::: Supplied material

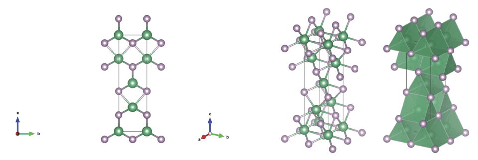 Niobium phosphide forms dark gray crystals of the non-centrosymmetric, tetragonal system, space group I4₁md (No. 109), with cell parameters a = 0.3334 nm, c = 1.1378 nm, Z = 4.[7][8], the same structure type as other transition-metal monopnictide Weyl semimetals such as TaAs and NbAs. The unit cell contains four formula units, and each niobium atom is coordinated by six phosphorus atoms and vice versa, forming a three-dimensional network of distorted polyhedra [4].
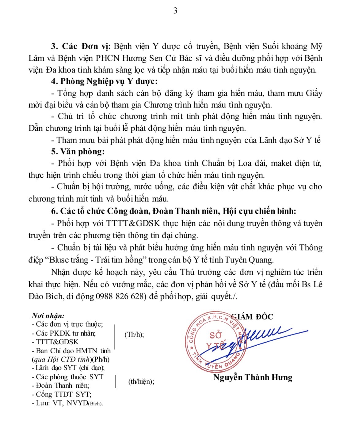Kế hoạch tổ chức hiến máu tình nguyện trong ngành Y tế tỉnh Tuyên Quang năm 2023
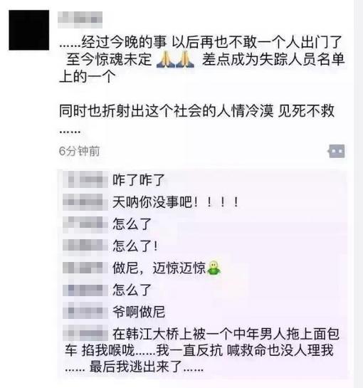 5月16日晚,潮州本地朋友圈被一条女生遭劫持的消息刷屏。澎湃新闻从截图看到,韩山师范学院(潮州)一女学生当晚兼职回校时,在韩江大桥上被一名陌生中年男子“拖拽”、“掐脖”后拉入一辆疑似无牌面包车,女生拼死呼喊救命却无人搭救,其嘴巴一度被陌生男子捂住,所幸有两名男子路过“看热闹”,女生才突围跳下车,面包车随即驶离。

::::::

**What is needed**
With images left out, the data must be transcribed exactly.

**Your response**
 Niobium phosphide forms dark gray crystals of the non-centrosymmetric, tetragonal system, space group I4₁md (No. 109), with cell parameters a = 0.3334 nm, c = 1.1378 nm, Z = 4.[7][8], the same structure type as other transition-metal monopnictide Weyl semimetals such as TaAs and NbAs. The unit cell contains four formula units, and each niobium atom is coordinated by six phosphorus atoms and vice versa, forming a three-dimensional network of distorted polyhedra [4].
Kế hoạch tổ chức hiến máu tình nguyện trong ngành Y tế tỉnh Tuyên Quang năm 2023
 5月16日晚,潮州本地朋友圈被一条女生遭劫持的消息刷屏。澎湃新闻从截图看到,韩山师范学院(潮州)一女学生当晚兼职回校时,在韩江大桥上被一名陌生中年男子“拖拽”、“掐脖”后拉入一辆疑似无牌面包车,女生拼死呼喊救命却无人搭救,其嘴巴一度被陌生男子捂住,所幸有两名男子路过“看热闹”,女生才突围跳下车,面包车随即驶离。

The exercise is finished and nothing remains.